James Gloyd
Georgia Institute of Technology
Discrete lattices employ individually manufactured unit cells which are assembled to form the final structure of the lattice; this differs from traditional lattice construction as monolithic entities. Doing so, the quality of the final structure is not significantly influenced by the scale of the structure since the constituent unit cells can be manufactured with the same precision regardless of overall structure scale, unlike most monolithic construction methods in which the likelihood of defects increases with scale. Moreover, since the unit cells are assembled after manufacture, the scale of the structure is not bound by the footprint of the equipment used, as is the case with most manufacturing. This scalability was demonstrated by the Coded Structures Laboratory (CSL) at NASA in multiple projects. Given the practicality and efficiency of manufacturing these systems, design and optimization of target structures becomes an interesting endeavor.
Tuning the elastic behavior of materials and structures provides the possibility for significant application weight savings since the mechanisms become integrated with the structure, that is the structure acts as both the load bearing system and the mechanization involved in operation. Some prior work demonstrated discrete lattices as aircraft wings, capable of warping to provide control authority instead of ailerons. These were developed using primitive heuristics based on trial and error with conventional finite element modeling. The goal of this project is to develop a direct method of obtaining a lattice structure which deforms in a prescribed manner when a given set of forces is applied. Obtaining the necessary structural configuration for desired deformation behavior allows engineers to perform optimizations on these designs, such as minimizing the mass or other useful goals. Such a method will allow faster and broader application of morphing discrete lattice technology in aerospace applications and beyond, to any application where form has a significant effect on function.

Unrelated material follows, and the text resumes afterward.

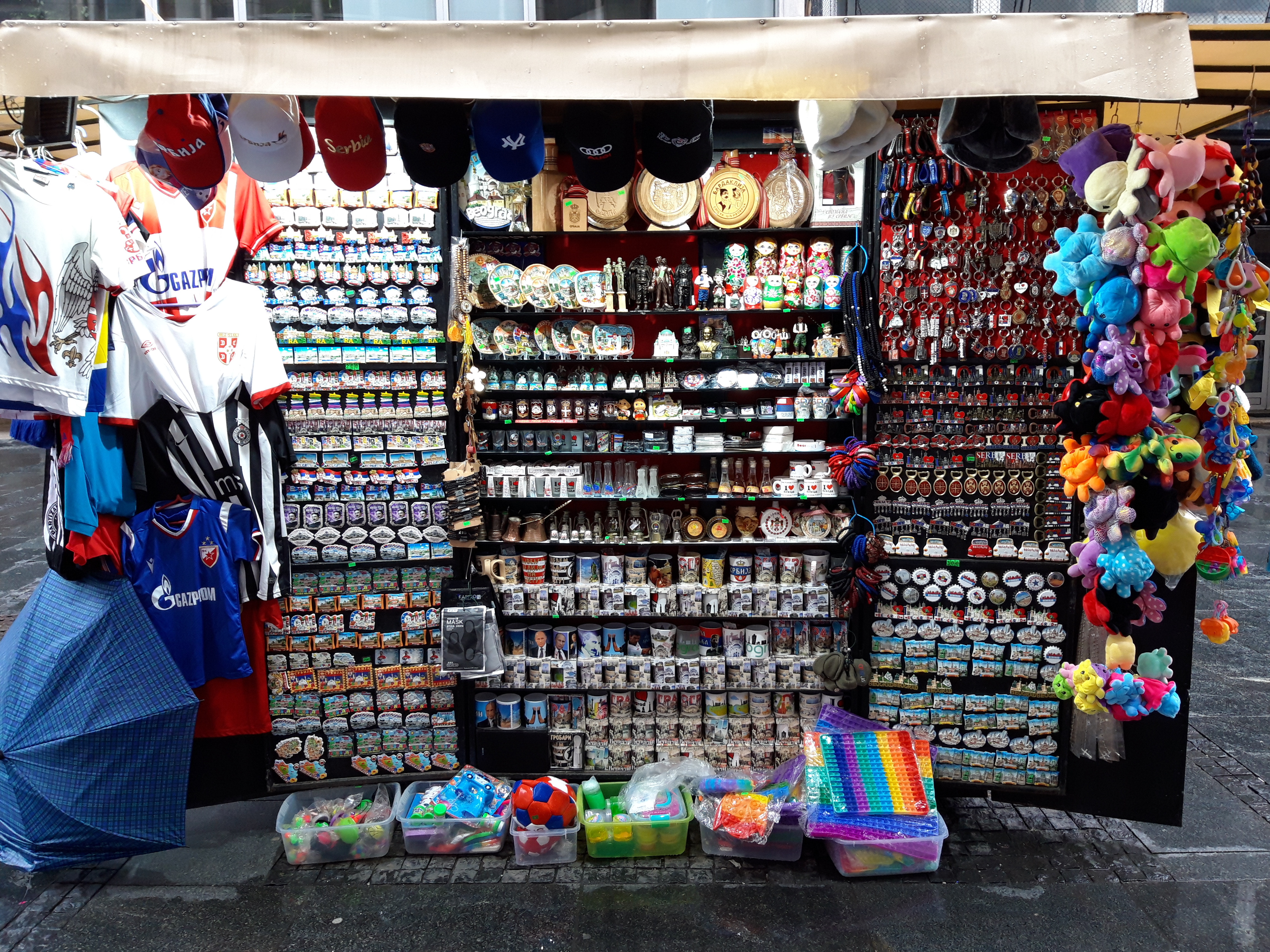 Außerhalb dieser Kreise gilt es als verbranntes Symbol: Es wird als Chiffre für großserbischen Nationalismus, Gebietsansprüche und die damit einhergegangene Gewalterfahrung gelesen. Der Super Serb von Anfang der Nullerjahre stand damals nicht allein auf den Souvenirständen zum Verkauf: um ihn herum fanden sich Konterfeis von Kriegsverbrechern wie Mladić, Karadžić oder Šešelj, die analog zum Super Serb wie Heldenfiguren daherkamen. Auch wenn sich der Super Serb aus dem Repertoire verabschiedet zu haben scheint — ich habe ihn 2021 zumindest nicht mehr gesehen — hat sich in dieser Hinsicht nicht viel geändert, wie die Bilder unten zeigen. Wenn dies schon für mich ein sehr mulmiges Gefühl erzeugte, wie mag es dann erst für postjugoslawische BesucherInnen Belgrads gewesen sein, die direkt von der Gewalt der 1990er betroffen waren?

From morphing chassis in terrestrial vehicles to space stations and satellites capable of dynamically changing their shape or compliant mechanisms in robotics, there is a wide breadth of potential applications and benefits for morphing discrete structures.
Modeling of discrete lattices, and indeed any discrete design, is accomplished by treating the individual unit cells or other building blocks as their own structural elements, and in this way the full structure can be easily modeled by an assembly of the repeating unit cell or cells, as done with finite element analysis. With such a model, the stiffness matrix for the entire discrete structure can be cast as a function of design variables relating to the components as an affine combination of the elements. This representation of the stiffness matrix allows implementation of structural optimization methods, so by choosing an objective function and applying optimization algorithms, a breadth of possible goals for the structure can be easily sought. Moreover, by rearranging the same affine combination, the structure’s displacements can be prescribed, which define a design space that guarantees the prescribed displacements are satisfied. Within such a design space, structural optimization methods can be used to obtain different structures depending on the desired purpose and goal of the discrete structure.